Works featured in Personal Action, Public Display
Jon Cates & Jake Elliot with Ei Jane Janet Lin, digital video, 3:29, 2016
“You’re on an endless beach after the unnamed apocalypse but the world didn’t end like they said it would, it carries on after all, like always… The beach is beautiful, sine waves, seagulls and gently crashing vaporwaves abound, but lonely until we found ourselves our new friend: a cute little glitch kitten who kitten glitches! This is “A Noise Monster” by Jake Elliott && jonCates, a game for kids and adults who love to play with glitches and aren’t afraid of being monsters.”
Isabelle Arvers & DUO b, digital video, 2:29, 2015
blu blu blu is a video game engine glitch created by Isabelle Arvers during her residency at Ruralscapes in June in Brazil.
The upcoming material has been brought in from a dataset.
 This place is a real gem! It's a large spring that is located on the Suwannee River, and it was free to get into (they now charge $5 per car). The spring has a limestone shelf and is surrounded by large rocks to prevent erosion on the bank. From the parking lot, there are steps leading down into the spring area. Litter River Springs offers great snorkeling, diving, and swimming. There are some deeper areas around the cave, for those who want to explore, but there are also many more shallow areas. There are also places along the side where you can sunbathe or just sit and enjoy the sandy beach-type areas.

It is her first collaboration with the Brazilian artist duo Duo B for the song recording of a river surrounding the residency. blu blu blu is a glitch of a mountain representation floating in the sky.
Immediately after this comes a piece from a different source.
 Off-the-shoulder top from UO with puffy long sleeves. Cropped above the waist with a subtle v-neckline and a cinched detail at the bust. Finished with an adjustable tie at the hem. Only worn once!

Based on a game modification of Half-Life 2, this machinima depicts nondescript dark suited characters plummeting into an endless tunnel. A metaphor of man’s fall in the iron cage of technology.
Gallery-goers can use their own phone to connect to the piece and interact directly with Surface Analysis. Jon Chambers’ work is interested in how we negotiate our physical and virtual lives within overlapping themes of consumerism, surveillance, play, environmental impact and future histories.
“What Happens when 8000 people runs towards you. It is common feeling when done watching this animation: nothing. Knut’s projects explore the ideas of failed Utopias, the violence that we as humans too eagerly too embrace.”
Sam Rolfes, 3:28, 2016
Created using VR, motion capture and face capture, this music video uses performative practices to create a completely remote—and manic—digital dance party.
Players connect by going to a website which turns their phone into a musical controller. Users can use their own phone to connect to the piece and interact. Joel Corelitz believes technology should be a unifying and creative force. Our phones often feel like distractions from our surroundings. Shortwave was developed to bring us closer together by engaging people in the joy of cooperative play while in the same space.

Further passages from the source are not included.